Bottom line verbal abuse can tear a person down emotionally. If you are in this type of relationship than you need to seek help. If you have a friend that is abusive to you but worst to their family member than how do you you address this? I find myself in this situation.

Abuse takes so many shapes. It may be easier to walk away from friends that treat you with disrespect. But why do we not walk away? That is a bigger question.

In my life I go into the justifying again. I have one friend that I think this person is a good person, has a big heart but has so much anger. They to were affected by abuse. How can I turn my back from them? I know their pain? However, If they do not seek help, nor accept some of the blame then how do you get them to see the light? Unfortunately in my experience you cannot. You cannot control them or change them. You can offer advice but if they do not own their part then it is going to get no where quick.

Not everyone will be open to Al-anon or seeking out help. For years friends and family ask me why do you still go to Al-anon when you are not living with the alcoholic anymore. I have asked myself the same thing. Al-anon has helped me so much in the past ten years. Now I use the same tools in all my other parts of my daily life. It helps me think twice before speaking. Still work in progress because I am so not perfect. I so do not practice it every second of my day. I don’t want to treat others the way an abuser does, and I want to change my perspective. Through the tools given and the stories I hear it keeps me focused on how I want to be treated and how I want others to treat me. So if I reach out and own my part in this life of dysfunction then maybe there is hope for me and my family.

Find your happy place to clear your mind!

Change the thinking change the results.

The hardest part is taking the first step and admit our part in this and our wrong doings. A whole new can of worms appear. We all play a part in our lives, we just need to identify what is our part and how/why we continue to play that role.

If you have a friend who shows these signs then you need to ask yourself, “why do I want to continue this relationship?” and if you do not have a good enough answer than you have to walk away.
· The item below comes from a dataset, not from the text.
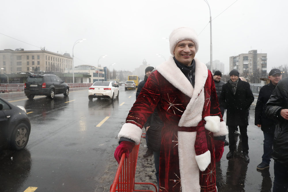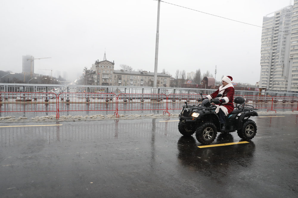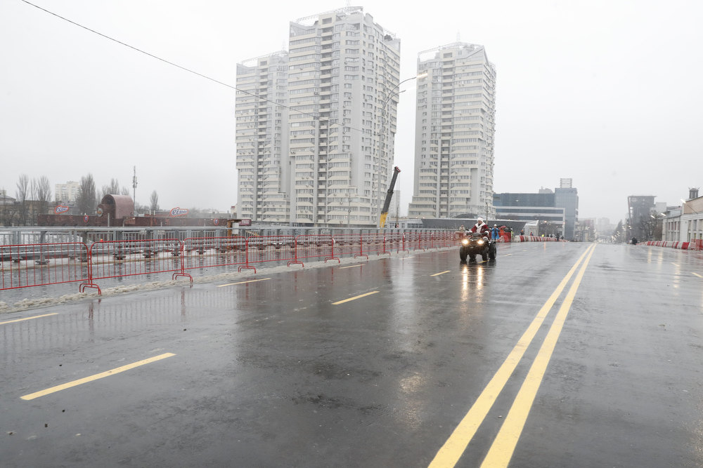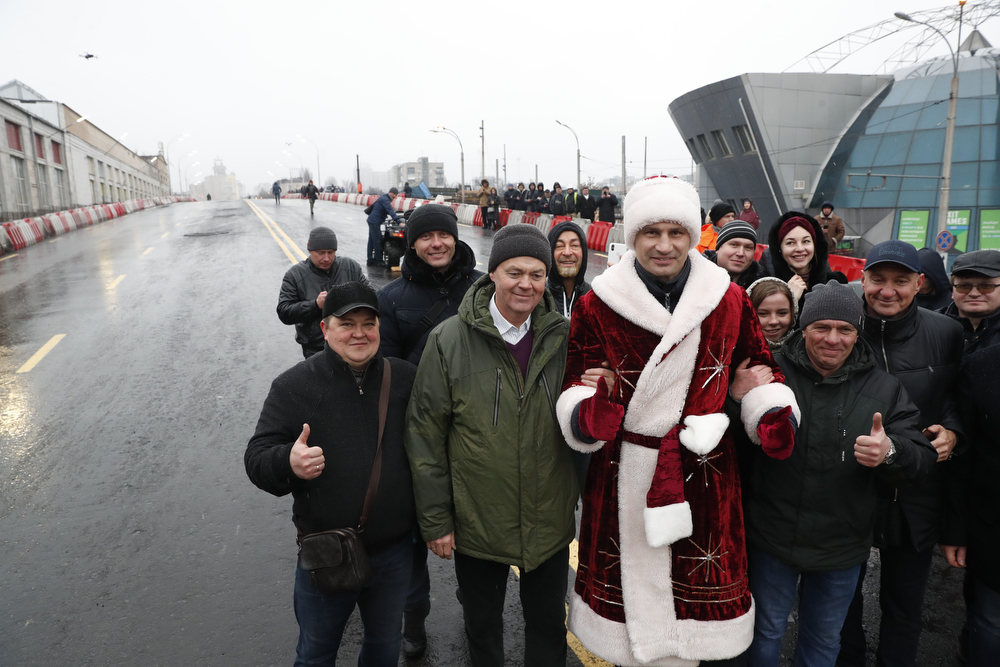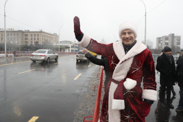 Мер Києва Віталій Кличко у костюмі Санта Клауса (чи може Діда Мороза) відкрив технологічний проїзд Шулявським шляхопроводом. Він першим проїхався мостом на квадроциклі. А за ним вже поїхав і автотранспорт.

Let go and move on. The goal in my life is too start to heal.

How can I heal if I continue to hold onto dysfunction? How do I heal if I allow others to treat me with disrespect? How do I heal if I refuse to let go of wanting to fix everyone?

My first step is accepting that I cannot change others only myself and that I deserve to be treated with respect. We all do.

I truly believe the road to recovery is a lifetime of speed bumps, turns, obstacles and surprises. But the only way to get on that road and start to heal for me is to let go of negativity. Open my world to positive people. Be there for myself and others who are willing to get help. That is a new process for me that I am taking into the new year and the new decade.

If you have a friend or family member who show the signs, reach out and get help for yourself. If we decide to stay in the relationship than getting help from others is crucial to our sanity. Please know that you are not alone. So many people are affected by others. You deserve to be happy. We only live once you just have to take the first step to make the change. Reach out to someone you can trust. Be there for others who ask.